Witam serdecznie,
Zimno, ciemno i ponuro się robi wokół. Zwykła kolej rzeczy, ale kiedy tylko błyśnie słońce wyciągamy do niego dzióbki i wchłaniamy energię przygotowując się na długie mroźne wieczory. Poprzedni tydzień był dość męczący, ale nie od pracy, tylko raczej od leniuchowania. I w piątek przyjechał małżonek najdroższy (następnym razem pochwalę się dlaczego aż tak najdroższy, bo że kochany, to wiadomo:)) i wpadł na genialny pomysł:
Przemalowaliśmy pokój dzieci z zielonego na niebieski (wybaczcie, że nie precyzuję, ale nie znam się na odcieniach, syn mówi mi, że połowa mnie to daltonista, też go kocham:)) Mąż zajął się tłem, a ja chmurkami. Nie miały przypominać tych zza okna, miały być bajkowe.
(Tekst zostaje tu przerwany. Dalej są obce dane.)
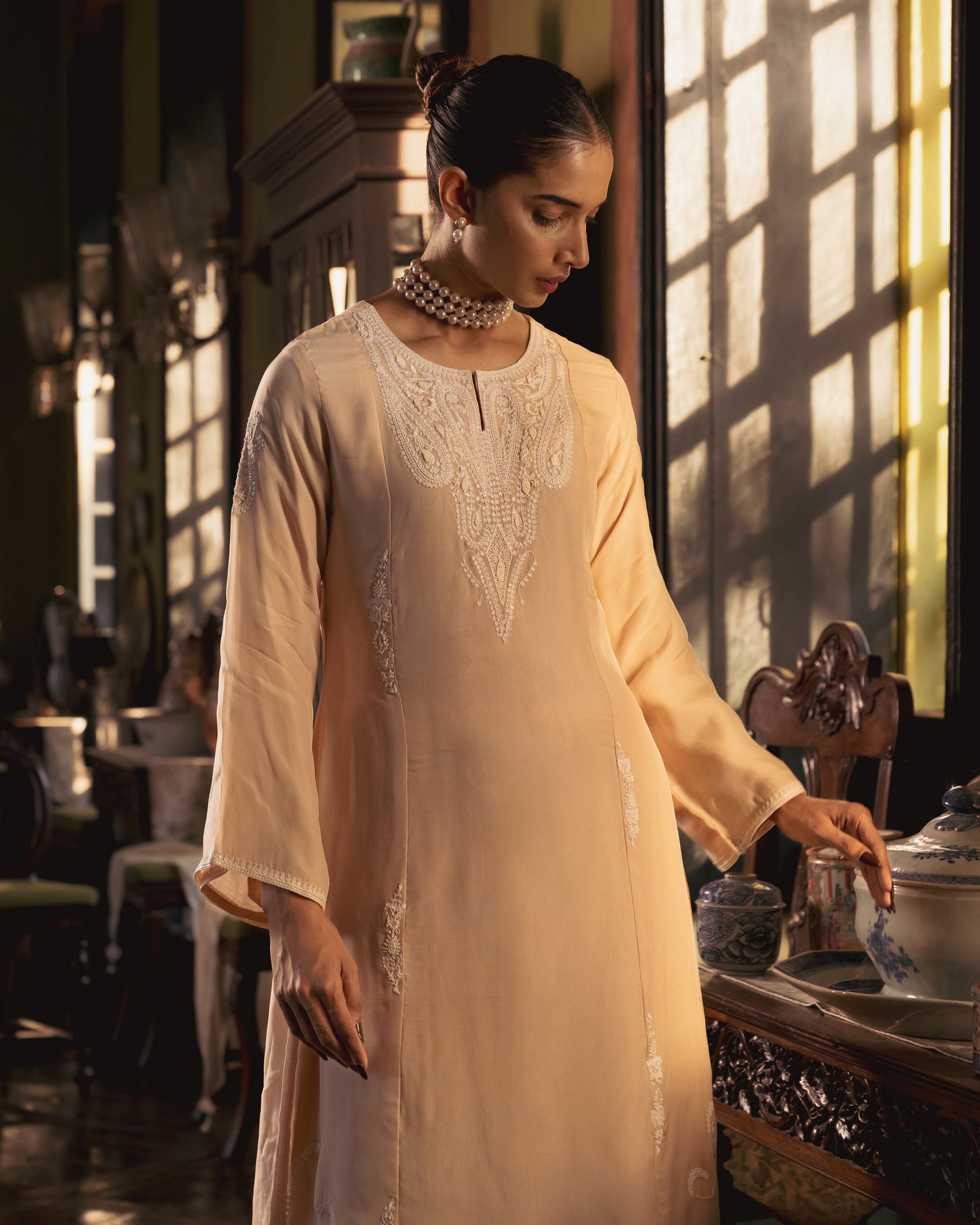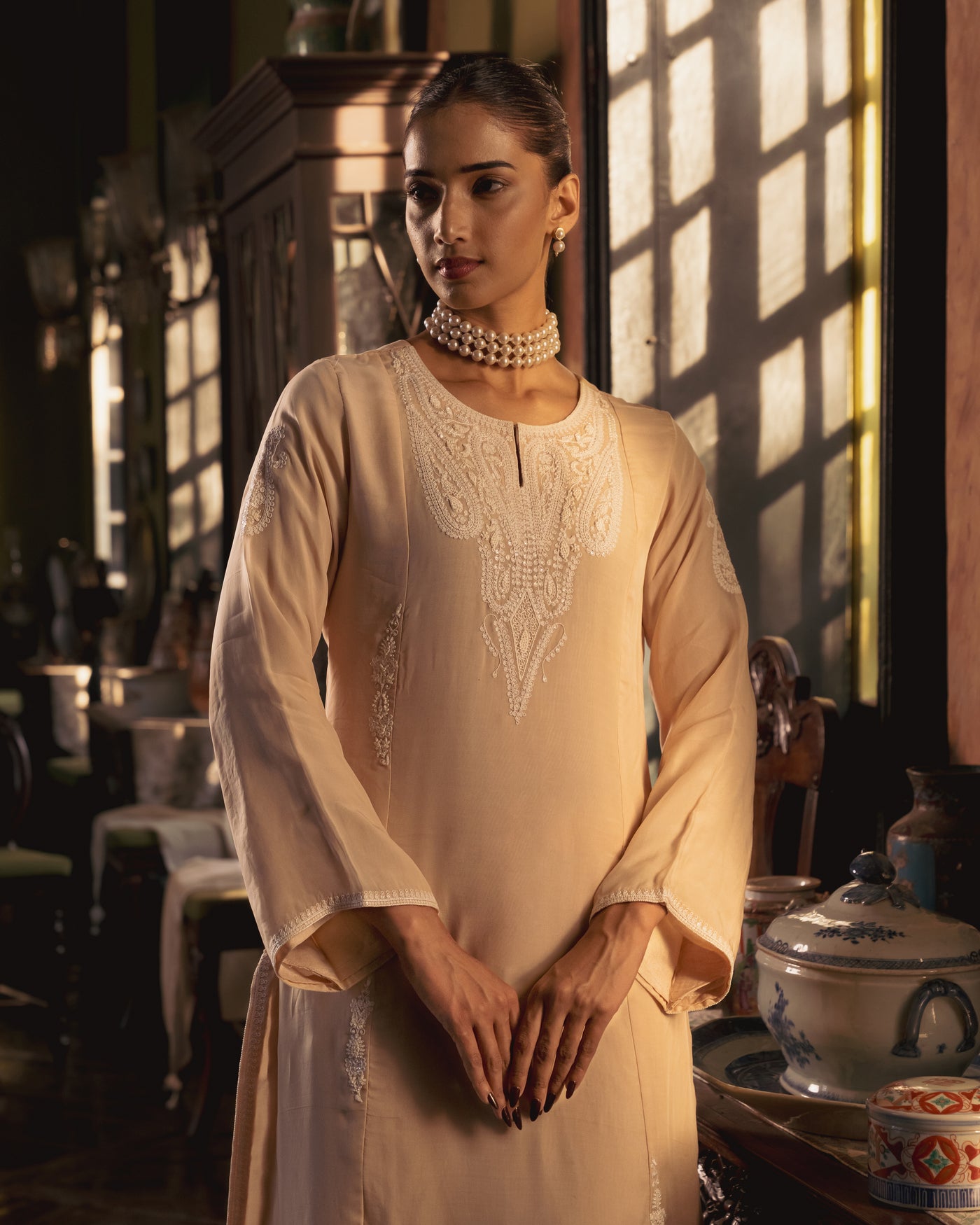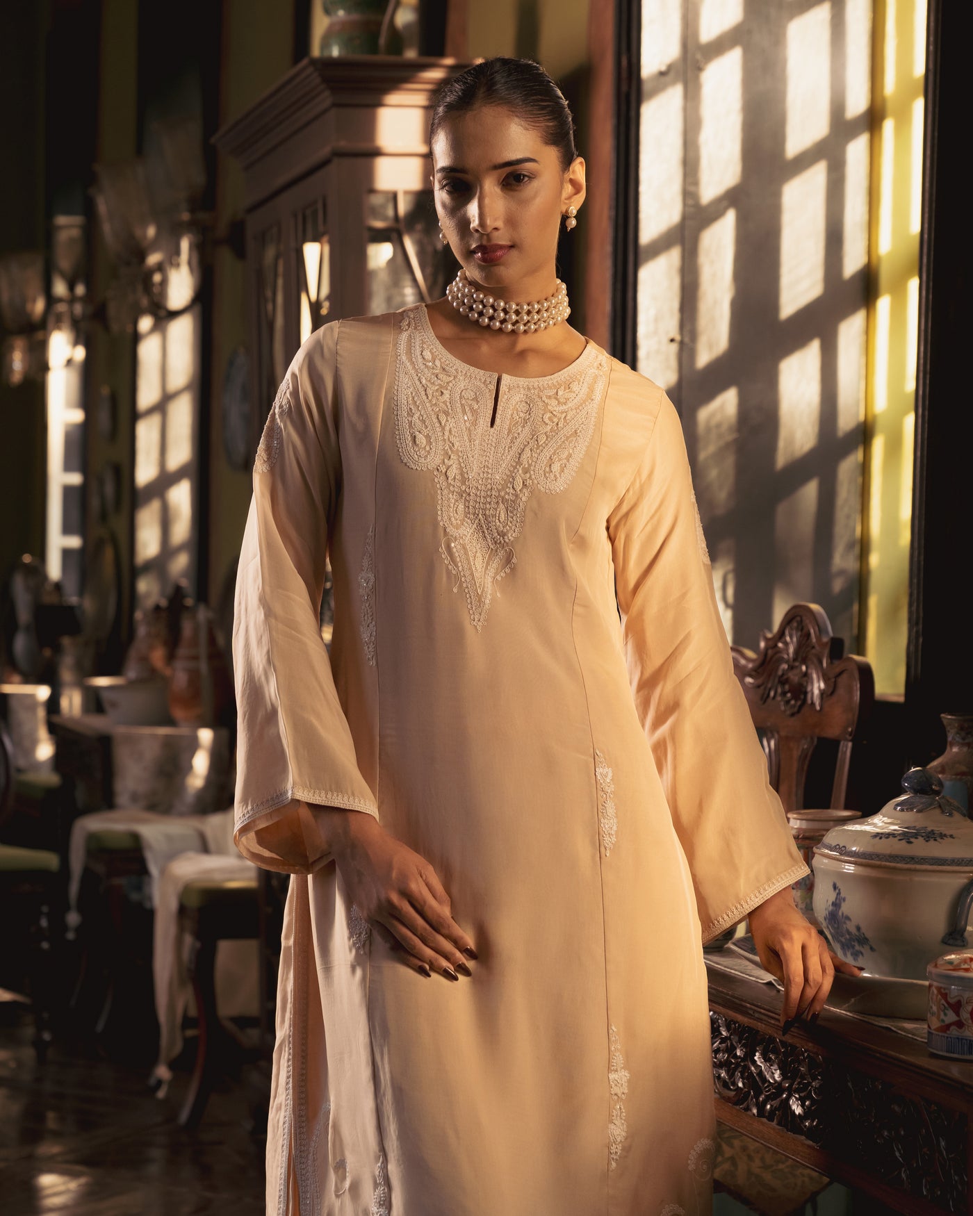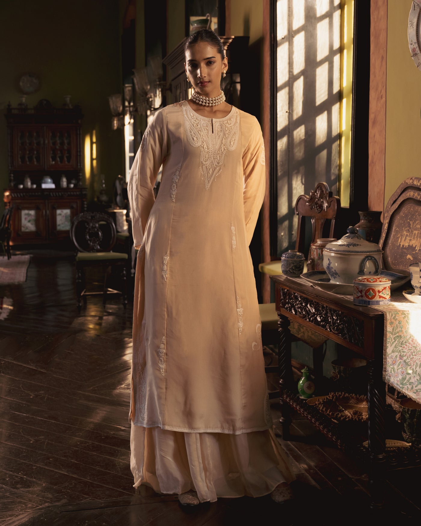Cream Organza Kali Suit Set - XS
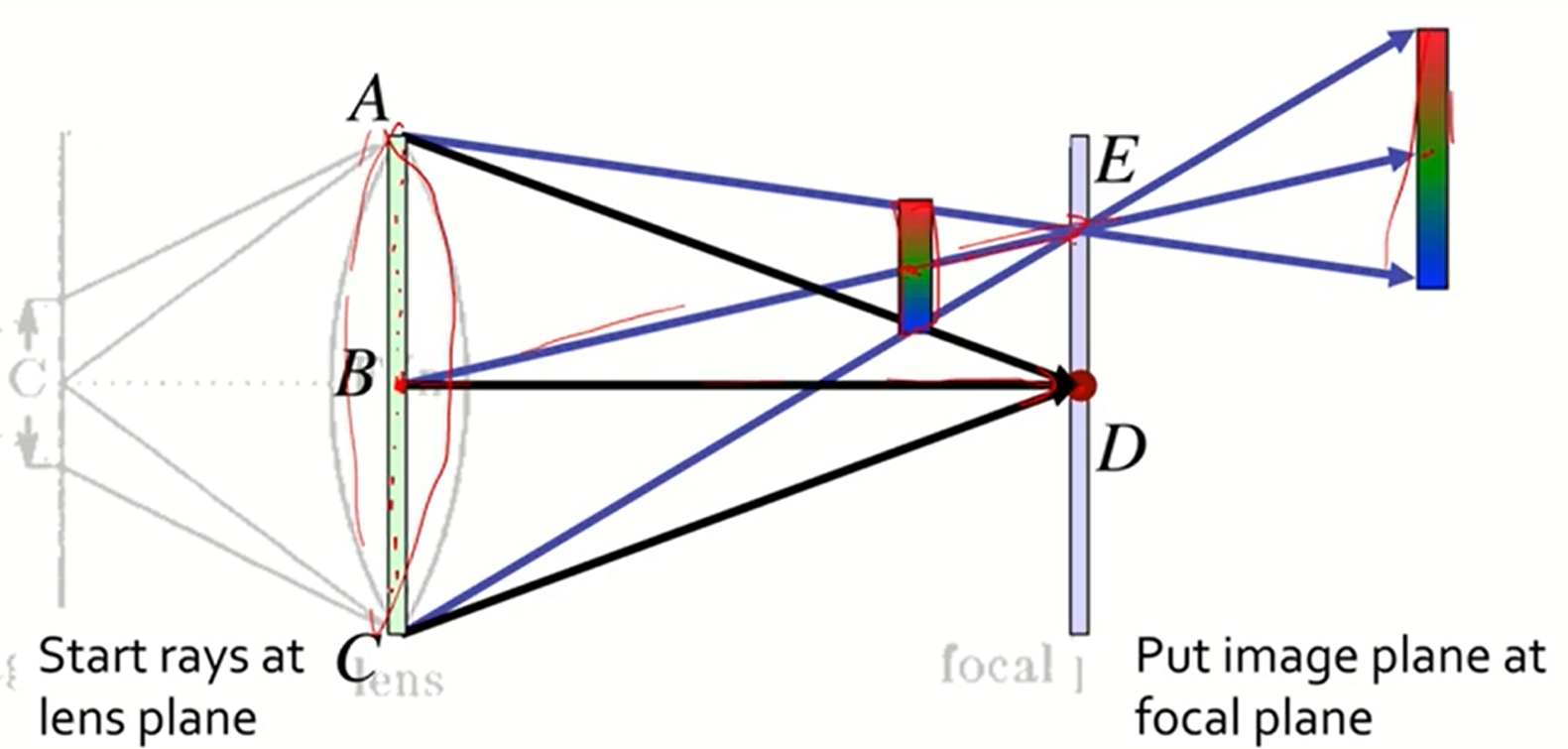 - 실제로 렌즈가 있다고 가정하고 여러 ray를 쏜다 아래 예시는 3개를 쏘았다.

Od razu lepiej się czuję.
W jeden wieczór podjęta decyzja, w jeden dzień zmieniony pokój, w sam raz na urodzinową imprezkę, którą mieliśmy w niedzielę. Córka ma już trzy latka.
Miłego wieczoru
lena
Fantastyczny pomysł - teraz dzieci mają niebiański pokoik:)))) A dla córeczki wszystkiego co najlepsze !!! Dużo zdrówka i uśmiechu na buzi:)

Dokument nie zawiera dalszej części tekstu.